» STORED DATA

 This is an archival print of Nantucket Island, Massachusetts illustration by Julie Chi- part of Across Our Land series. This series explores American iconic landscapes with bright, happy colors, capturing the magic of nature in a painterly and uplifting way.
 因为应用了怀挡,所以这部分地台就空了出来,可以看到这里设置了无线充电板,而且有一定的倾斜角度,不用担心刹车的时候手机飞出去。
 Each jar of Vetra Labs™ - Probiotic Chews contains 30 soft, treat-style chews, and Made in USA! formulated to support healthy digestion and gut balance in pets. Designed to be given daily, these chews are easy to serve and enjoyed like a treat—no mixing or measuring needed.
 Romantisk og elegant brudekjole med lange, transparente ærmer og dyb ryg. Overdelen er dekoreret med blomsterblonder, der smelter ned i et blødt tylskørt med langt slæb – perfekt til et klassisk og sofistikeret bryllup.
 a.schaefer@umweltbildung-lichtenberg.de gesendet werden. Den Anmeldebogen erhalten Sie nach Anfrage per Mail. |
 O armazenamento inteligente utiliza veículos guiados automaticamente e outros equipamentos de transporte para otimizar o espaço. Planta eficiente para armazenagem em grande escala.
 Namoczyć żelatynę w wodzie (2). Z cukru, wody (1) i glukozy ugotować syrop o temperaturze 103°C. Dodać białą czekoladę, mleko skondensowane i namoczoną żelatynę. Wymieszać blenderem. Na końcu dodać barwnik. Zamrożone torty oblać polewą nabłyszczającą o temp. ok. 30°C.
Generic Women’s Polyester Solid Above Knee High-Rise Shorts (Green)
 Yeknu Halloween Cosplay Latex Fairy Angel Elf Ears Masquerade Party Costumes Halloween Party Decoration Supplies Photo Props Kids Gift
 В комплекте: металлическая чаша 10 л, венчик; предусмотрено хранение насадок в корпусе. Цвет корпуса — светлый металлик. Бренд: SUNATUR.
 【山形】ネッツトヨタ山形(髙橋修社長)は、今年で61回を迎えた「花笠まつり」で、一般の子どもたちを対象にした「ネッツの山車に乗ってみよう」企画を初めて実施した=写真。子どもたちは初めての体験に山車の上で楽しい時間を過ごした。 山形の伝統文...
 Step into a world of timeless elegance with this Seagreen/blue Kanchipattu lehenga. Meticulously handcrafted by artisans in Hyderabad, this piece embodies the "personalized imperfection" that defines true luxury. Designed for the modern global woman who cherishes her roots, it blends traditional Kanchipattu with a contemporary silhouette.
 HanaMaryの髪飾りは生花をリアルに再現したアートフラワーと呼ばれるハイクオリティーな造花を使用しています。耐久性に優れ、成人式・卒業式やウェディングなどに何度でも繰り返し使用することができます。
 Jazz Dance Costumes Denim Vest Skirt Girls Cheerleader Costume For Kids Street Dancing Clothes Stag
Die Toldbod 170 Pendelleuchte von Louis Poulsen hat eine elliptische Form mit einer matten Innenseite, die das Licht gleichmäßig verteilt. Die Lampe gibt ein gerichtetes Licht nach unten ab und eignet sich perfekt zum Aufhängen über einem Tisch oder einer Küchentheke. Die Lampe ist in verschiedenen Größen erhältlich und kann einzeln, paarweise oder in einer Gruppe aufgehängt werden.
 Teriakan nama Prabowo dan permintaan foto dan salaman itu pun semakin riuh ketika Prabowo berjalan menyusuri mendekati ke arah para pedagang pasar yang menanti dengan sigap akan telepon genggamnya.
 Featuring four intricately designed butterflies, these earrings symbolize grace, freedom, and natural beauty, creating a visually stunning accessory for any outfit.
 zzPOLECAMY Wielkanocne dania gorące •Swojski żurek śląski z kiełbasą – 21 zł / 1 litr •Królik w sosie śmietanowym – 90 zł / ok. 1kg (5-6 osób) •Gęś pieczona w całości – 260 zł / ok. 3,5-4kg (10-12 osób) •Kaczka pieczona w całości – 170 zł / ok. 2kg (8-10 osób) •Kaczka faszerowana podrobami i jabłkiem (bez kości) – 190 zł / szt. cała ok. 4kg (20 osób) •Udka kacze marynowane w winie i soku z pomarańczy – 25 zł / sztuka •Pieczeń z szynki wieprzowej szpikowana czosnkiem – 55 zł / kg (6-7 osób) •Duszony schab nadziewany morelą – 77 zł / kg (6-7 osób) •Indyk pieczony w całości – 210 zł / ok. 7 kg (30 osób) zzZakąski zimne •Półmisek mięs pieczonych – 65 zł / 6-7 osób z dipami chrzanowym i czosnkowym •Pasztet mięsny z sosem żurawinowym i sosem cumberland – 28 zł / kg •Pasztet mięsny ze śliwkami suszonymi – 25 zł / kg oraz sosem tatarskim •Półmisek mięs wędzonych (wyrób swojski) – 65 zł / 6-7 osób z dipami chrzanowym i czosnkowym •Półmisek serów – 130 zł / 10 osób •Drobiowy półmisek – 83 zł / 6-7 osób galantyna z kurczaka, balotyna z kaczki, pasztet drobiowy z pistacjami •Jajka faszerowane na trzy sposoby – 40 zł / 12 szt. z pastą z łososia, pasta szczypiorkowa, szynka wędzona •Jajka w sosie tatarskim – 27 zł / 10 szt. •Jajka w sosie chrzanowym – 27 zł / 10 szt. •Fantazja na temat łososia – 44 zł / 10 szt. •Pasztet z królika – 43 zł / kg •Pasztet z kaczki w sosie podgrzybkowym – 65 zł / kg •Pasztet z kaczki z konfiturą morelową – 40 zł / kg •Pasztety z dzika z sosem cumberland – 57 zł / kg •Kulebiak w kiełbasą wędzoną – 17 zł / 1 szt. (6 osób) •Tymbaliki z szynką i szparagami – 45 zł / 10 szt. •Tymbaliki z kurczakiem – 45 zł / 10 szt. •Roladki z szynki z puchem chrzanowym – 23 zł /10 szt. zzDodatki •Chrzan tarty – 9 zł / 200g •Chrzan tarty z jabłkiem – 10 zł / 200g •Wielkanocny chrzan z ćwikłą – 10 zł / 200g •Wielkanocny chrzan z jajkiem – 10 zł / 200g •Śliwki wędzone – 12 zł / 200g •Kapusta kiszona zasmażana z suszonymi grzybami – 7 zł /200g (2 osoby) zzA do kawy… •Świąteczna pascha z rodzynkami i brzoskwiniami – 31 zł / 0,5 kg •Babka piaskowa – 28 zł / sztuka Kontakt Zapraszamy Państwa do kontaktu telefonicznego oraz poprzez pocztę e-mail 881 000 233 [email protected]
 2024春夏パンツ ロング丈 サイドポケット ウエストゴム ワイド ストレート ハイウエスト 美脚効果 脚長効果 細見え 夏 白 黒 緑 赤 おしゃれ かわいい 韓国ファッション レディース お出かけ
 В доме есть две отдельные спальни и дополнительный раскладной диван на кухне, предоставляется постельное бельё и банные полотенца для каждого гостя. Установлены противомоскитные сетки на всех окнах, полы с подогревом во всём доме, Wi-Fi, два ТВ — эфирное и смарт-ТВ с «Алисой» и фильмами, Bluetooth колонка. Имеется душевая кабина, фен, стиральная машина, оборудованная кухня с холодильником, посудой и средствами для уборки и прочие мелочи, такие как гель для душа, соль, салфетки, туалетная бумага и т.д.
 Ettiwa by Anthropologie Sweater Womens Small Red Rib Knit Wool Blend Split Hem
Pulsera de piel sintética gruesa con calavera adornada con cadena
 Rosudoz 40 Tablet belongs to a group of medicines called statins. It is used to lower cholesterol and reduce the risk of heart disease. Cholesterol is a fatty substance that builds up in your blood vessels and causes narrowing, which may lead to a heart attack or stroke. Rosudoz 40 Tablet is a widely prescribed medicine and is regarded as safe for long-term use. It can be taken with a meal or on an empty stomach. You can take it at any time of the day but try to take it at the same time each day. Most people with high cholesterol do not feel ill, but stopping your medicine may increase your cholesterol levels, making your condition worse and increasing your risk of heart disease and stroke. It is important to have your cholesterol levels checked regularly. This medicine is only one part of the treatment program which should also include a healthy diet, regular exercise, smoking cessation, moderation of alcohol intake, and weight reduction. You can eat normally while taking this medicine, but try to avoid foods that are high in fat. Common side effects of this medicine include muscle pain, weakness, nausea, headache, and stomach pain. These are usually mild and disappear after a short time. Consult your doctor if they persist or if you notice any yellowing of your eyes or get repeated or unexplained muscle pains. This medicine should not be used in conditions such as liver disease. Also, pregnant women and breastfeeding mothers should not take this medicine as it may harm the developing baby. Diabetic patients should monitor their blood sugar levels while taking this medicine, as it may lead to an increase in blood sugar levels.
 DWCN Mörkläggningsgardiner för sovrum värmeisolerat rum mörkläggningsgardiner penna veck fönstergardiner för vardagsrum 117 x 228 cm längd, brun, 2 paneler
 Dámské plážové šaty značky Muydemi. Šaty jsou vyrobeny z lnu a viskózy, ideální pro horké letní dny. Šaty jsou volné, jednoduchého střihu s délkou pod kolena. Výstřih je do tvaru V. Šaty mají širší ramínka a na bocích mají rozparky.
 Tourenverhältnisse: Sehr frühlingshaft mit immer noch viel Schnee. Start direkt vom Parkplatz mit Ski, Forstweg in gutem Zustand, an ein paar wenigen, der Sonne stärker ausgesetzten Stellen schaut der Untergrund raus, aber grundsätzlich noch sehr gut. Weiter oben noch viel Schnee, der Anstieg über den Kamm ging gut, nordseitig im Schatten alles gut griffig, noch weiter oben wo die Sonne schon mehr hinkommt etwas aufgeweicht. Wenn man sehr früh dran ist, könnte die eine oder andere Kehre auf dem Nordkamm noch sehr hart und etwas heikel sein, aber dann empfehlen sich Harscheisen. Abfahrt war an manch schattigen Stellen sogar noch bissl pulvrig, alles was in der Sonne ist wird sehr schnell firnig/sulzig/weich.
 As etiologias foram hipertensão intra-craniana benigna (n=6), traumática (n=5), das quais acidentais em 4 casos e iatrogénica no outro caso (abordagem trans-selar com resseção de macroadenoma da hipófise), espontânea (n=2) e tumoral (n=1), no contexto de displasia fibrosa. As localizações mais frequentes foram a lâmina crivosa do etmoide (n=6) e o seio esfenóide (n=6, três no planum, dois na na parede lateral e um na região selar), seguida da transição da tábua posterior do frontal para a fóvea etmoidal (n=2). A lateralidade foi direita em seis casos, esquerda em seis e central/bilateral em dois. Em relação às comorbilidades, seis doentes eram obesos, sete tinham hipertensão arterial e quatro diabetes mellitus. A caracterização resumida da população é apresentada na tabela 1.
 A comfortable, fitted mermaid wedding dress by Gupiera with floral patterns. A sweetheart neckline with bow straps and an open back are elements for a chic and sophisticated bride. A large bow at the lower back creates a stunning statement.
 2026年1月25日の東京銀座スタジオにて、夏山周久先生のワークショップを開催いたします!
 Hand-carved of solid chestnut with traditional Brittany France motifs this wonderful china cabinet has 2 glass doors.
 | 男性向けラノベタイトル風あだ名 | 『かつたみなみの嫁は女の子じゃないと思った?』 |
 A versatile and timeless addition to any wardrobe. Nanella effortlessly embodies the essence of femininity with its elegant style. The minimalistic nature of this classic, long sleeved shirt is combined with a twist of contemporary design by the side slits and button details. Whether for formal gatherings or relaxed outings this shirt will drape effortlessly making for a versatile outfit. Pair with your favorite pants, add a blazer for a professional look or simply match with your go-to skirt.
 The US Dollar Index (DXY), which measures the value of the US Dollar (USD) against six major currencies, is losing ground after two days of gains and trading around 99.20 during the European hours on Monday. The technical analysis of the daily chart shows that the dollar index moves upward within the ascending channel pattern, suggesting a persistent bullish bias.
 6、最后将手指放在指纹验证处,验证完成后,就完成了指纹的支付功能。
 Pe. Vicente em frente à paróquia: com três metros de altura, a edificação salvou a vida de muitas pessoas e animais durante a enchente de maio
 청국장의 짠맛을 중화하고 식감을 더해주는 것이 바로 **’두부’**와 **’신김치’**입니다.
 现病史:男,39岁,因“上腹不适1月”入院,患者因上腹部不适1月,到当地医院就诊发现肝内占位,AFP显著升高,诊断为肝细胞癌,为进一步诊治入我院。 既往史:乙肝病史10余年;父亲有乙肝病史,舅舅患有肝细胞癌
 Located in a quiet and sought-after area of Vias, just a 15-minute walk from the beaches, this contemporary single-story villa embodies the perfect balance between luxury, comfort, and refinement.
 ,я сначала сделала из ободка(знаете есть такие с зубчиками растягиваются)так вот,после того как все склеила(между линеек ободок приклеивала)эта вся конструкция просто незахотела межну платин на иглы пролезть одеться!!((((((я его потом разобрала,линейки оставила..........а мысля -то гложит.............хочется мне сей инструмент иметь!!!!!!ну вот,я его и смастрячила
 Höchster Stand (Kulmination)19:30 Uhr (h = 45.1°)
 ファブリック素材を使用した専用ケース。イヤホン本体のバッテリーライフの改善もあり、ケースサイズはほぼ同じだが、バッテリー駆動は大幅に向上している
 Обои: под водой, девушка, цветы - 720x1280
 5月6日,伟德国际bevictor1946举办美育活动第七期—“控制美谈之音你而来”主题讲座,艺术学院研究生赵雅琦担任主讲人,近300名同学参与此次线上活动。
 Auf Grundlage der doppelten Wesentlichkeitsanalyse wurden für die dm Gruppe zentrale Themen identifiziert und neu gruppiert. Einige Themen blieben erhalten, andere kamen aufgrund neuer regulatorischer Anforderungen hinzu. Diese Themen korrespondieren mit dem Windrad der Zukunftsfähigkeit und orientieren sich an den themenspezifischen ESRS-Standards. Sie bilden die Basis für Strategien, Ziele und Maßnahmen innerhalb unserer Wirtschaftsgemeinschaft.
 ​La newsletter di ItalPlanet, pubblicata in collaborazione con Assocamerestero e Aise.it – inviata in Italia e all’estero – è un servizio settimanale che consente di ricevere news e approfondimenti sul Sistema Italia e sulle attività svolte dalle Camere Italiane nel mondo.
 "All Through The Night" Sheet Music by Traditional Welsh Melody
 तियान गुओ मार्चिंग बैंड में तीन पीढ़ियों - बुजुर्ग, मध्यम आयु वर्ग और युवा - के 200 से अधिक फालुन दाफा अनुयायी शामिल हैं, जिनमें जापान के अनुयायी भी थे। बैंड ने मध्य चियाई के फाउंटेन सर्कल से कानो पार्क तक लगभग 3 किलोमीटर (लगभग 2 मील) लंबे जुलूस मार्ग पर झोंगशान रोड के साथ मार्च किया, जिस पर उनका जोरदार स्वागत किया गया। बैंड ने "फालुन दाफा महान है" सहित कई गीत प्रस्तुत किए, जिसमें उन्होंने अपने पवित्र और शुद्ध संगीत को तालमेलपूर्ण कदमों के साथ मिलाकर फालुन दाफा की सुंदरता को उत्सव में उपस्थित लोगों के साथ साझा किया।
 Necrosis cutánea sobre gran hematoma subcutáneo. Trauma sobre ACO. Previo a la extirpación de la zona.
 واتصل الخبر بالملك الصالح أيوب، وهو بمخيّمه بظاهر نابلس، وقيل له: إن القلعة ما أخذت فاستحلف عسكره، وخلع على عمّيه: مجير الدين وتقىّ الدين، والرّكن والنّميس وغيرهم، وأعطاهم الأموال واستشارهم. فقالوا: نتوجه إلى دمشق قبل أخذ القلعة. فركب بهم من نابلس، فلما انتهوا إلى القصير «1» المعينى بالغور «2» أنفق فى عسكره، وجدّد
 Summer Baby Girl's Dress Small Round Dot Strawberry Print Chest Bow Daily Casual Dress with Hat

» TO DO
Return each line exactly, beginning at the start of the material above and ending at the line that includes "Generic Women’s Polyester", with both of those kept.

» SOLUTION TO THIS TASK
 This is an archival print of Nantucket Island, Massachusetts illustration by Julie Chi- part of Across Our Land series. This series explores American iconic landscapes with bright, happy colors, capturing the magic of nature in a painterly and uplifting way.
 因为应用了怀挡,所以这部分地台就空了出来,可以看到这里设置了无线充电板,而且有一定的倾斜角度,不用担心刹车的时候手机飞出去。
 Each jar of Vetra Labs™ - Probiotic Chews contains 30 soft, treat-style chews, and Made in USA! formulated to support healthy digestion and gut balance in pets. Designed to be given daily, these chews are easy to serve and enjoyed like a treat—no mixing or measuring needed.
 Romantisk og elegant brudekjole med lange, transparente ærmer og dyb ryg. Overdelen er dekoreret med blomsterblonder, der smelter ned i et blødt tylskørt med langt slæb – perfekt til et klassisk og sofistikeret bryllup.
 a.schaefer@umweltbildung-lichtenberg.de gesendet werden. Den Anmeldebogen erhalten Sie nach Anfrage per Mail. |
 O armazenamento inteligente utiliza veículos guiados automaticamente e outros equipamentos de transporte para otimizar o espaço. Planta eficiente para armazenagem em grande escala.
 Namoczyć żelatynę w wodzie (2). Z cukru, wody (1) i glukozy ugotować syrop o temperaturze 103°C. Dodać białą czekoladę, mleko skondensowane i namoczoną żelatynę. Wymieszać blenderem. Na końcu dodać barwnik. Zamrożone torty oblać polewą nabłyszczającą o temp. ok. 30°C.
Generic Women’s Polyester Solid Above Knee High-Rise Shorts (Green)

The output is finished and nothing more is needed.